11. Reverse Proxy — clientless ZTNA

The Reverse Proxy exposes an internal app via a public HTTPS URL with SSO auth, without the end user needing to install the NetBird client. The proxy peer is the machine that makes the TCP connection — it must reach the destination natively.

Configure a service

Add HTTP/S Service

FieldValueNotes
SubdomaincloudFull URL: cloud.netbird.your-domain.com
Proxy PeeropnsenseThe machine making the TCP connection

Authentication tab → Add SSO

Select Authentik. Users must authenticate via Authentik + MFA before the request is forwarded.
Never leave a service as No Auth unless the service is itself an auth provider. The proxy subdomain is not a secret — anyone can find it.

Add Target — always select Resource, not Peer

FieldValueNotes
TypeResourceAllows entering an internal LAN IP
ResourceVLAN 10 Services
Protocolhttp://
IP192.168.10.10
Port80
Skip TLSOffEnable only for self-signed certs (e.g. Proxmox :8006)
Selecting Peer instead of Resource locks you into the peer’s NetBird IP (100.64.x.x) — you cannot target an internal subnet IP that way.

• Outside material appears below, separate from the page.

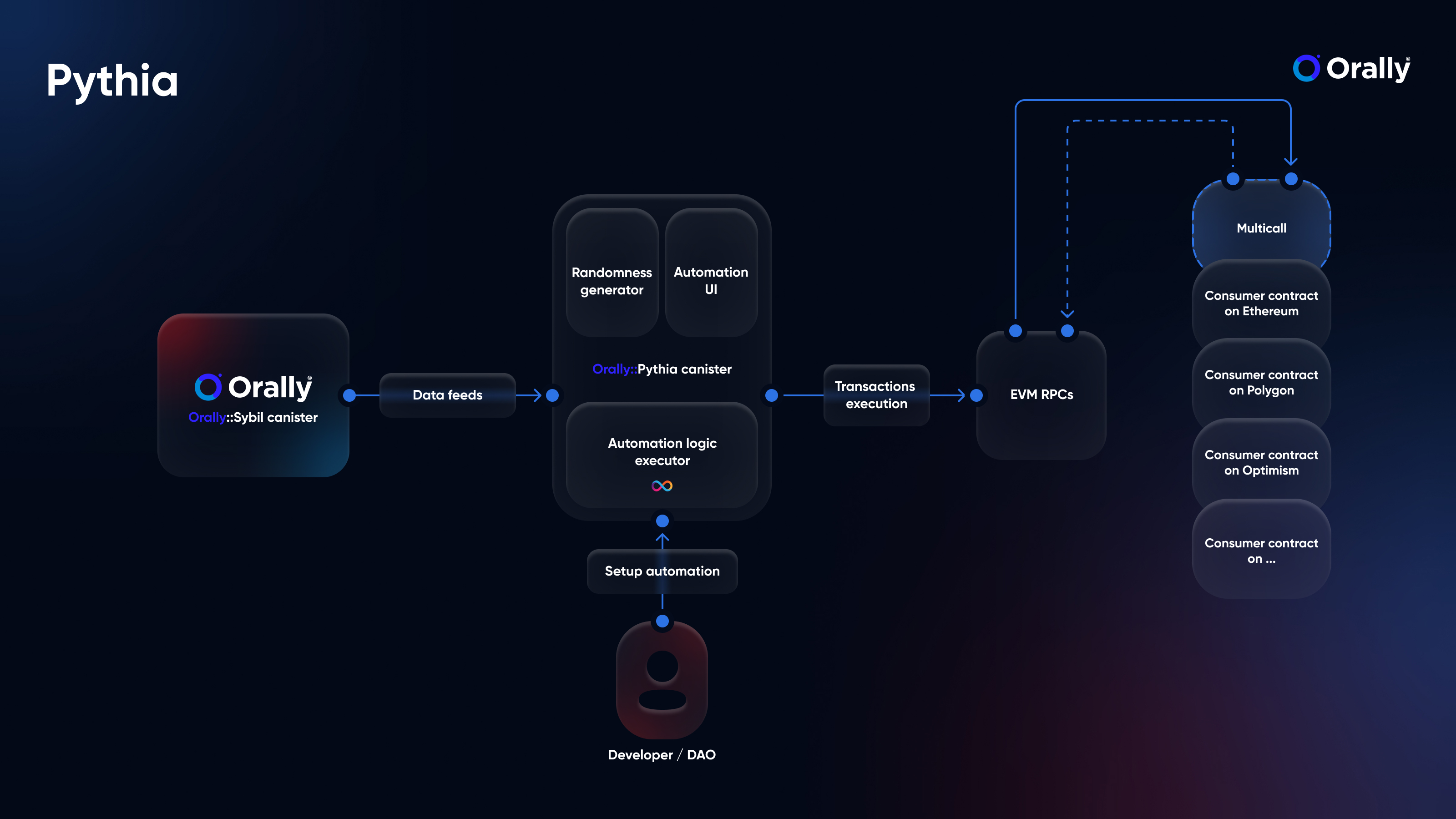 **Pythia** is the embodiment of automation and precision. It allows the scheduling of transactions or the triggering of smart contract functions based on time or data parameters. With Pythia, dApps can automate processes, optimize resource allocation, and respond promptly to market conditions or pre-defined triggers.

12. Access Control Policies

Policies define which peer groups can reach which Networks or Resources. The default is deny all — without a policy, no peer can access any Network.

13. Split DNS

NetBird can push nameserver configuration to peers so internal hostnames resolve while connected to the mesh.

DNS → Add Nameserver

FieldValue
Nameserver IP192.168.1.1 — OPNsense / Unbound
Domainhome (or lan, internal)
Groupsadmins, family

Configure host overrides in OPNsense Unbound

nas.home        → 192.168.10.20
nextcloud.home  → 192.168.10.10
opnsense.home   → 192.168.1.1

Test from any peer

nslookup nas.home       # → 192.168.10.20
nslookup nextcloud.home # → 192.168.10.10
nslookup google.com     # → still resolves via public DNS

14. OPNsense firewall rules

This is the most commonly missed step. OPNsense blocks all inter-interface traffic by default. Without these rules, routing peer traffic will be silently dropped — even though everything in NetBird is correctly configured.

Rule 1 — Allow NetBird peers to reach your subnets

Firewall → Rules → [WireGuard / NetBird interface] → Add rule:

FieldValue
ActionPass
InterfaceWireGuard / NetBird (wg0)
ProtocolAny
Source100.64.0.0/10 — NetBird CGNAT range
Destination192.168.0.0/16 — your homelab subnets

Rule 2 — Exclude NetBird traffic from NAT masquerade

Firewall → NAT → Outbound → switch to Hybrid mode → add a No-NAT rule:

FieldValue
InterfaceLAN (and each VLAN interface)
Source100.64.0.0/10
DestinationYour homelab subnets
TranslationNo NAT
With No NAT in place: internal hosts see the real peer IP (100.64.x.x) and reply to it → OPNsense routes the reply back through WireGuard → the connection completes correctly in both directions.

15. Use cases

Full admin access from anywhere

netbird up
# → Authentik login + MFA
# → full access to 192.168.1.0/24, 192.168.10.0/24, 192.168.20.0/24

ssh user@192.168.10.10   # Raspberry Pi
ssh user@192.168.10.20   # NAS shell

Share Nextcloud with a friend — no client needed

Create a user in Authentik → assign to group guests (synced via JWT) → send them https://cloud.netbird.your-domain.com. They open a browser, log in via Authentik, complete MFA, and access Nextcloud. Nothing installed on their side.

Remote access for family members

Family members install the NetBird client on their phones → authenticate via Authentik → JWT sync assigns them to the family group → they get access to LAN + VLAN 10 only, not the management VLAN or IoT network.